Hamburg (dapd/red) - Mit Beginn des neuen Jahres sind die gut 800 Versorger in Deutschland verpflichtet, ihren Kunden variable Stromtarife anzubieten: Wer seinen Stromverbrauch in nachfrageärmere Nebenzeiten verlagert, den sollen die Energieunternehmen mit günstigen Tarifen belohnen, so die Absicht des Gesetzgebers.

Stromzähler (Foto / Abb.: tommyS / www.pixelio.de)Dem Magazin zufolge ergab die Umfrage, dass sich die meisten Unternehmen darauf beschränken, ein Produkt anzubieten, das lediglich zwischen Tag- und Nachtstrom unterscheidet, wie dies vielfach ohnehin schon länger der Fall sei.
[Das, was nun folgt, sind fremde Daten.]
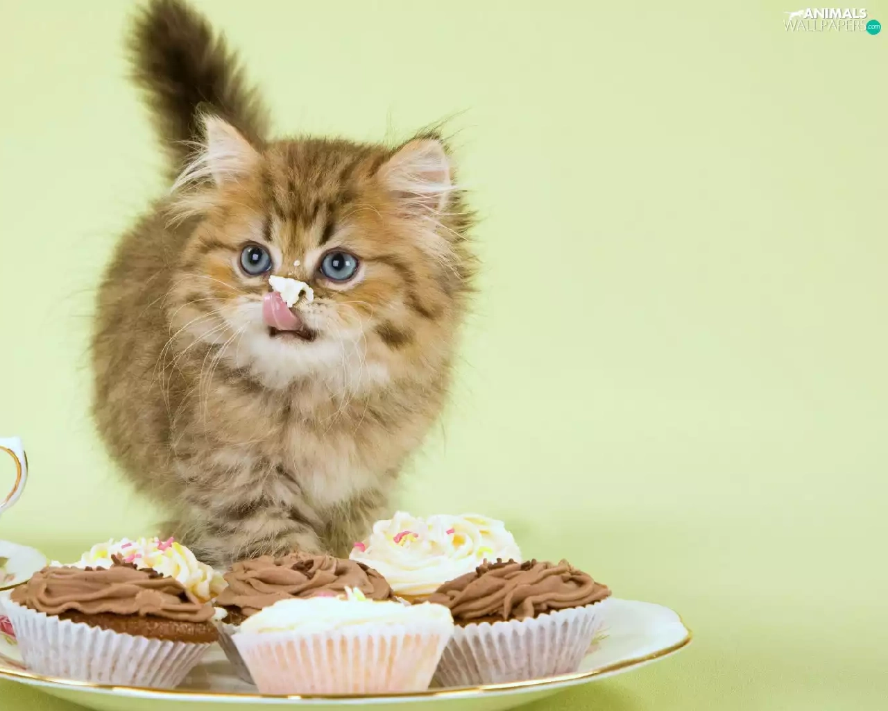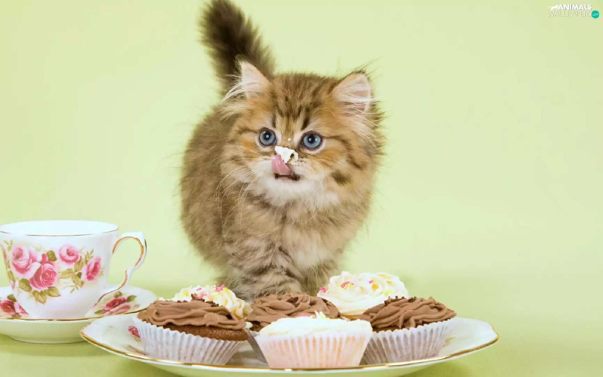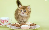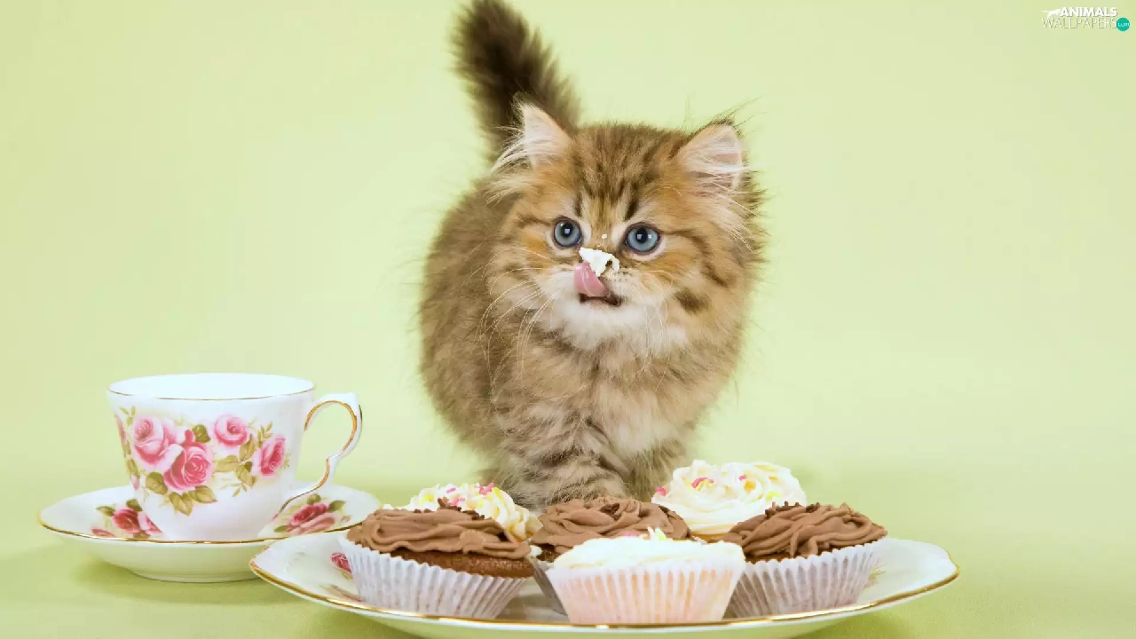 cup, kitten, Muffins

Nur wenige Versorger gingen darüber hinaus: So böten die Stadtwerke Münster einen speziellen Tarif am Wochenende, die Stadtwerke Bochum unterteilten den Tag in drei Zeitzonen.

Finanziell lohne sich der Wechsel zu einem Flexi-Tarif nur selten, so das Magazin. Die Gesamtkosten, die mit diesen Produkten verbunden sind, fielen nach Einschätzung von EnCT-Geschäftsführer Harald Schäffler häufig sogar noch höher aus als bei Standardtarifen. Am ehesten noch könnten größere Haushalte einen Preisvorteil erzielen. Insgesamt haben laut dem Verbraucherportal Verivox rund 500 Stromversorger zum 1. Januar die Strompreise angehoben, im Februar folgen weitere.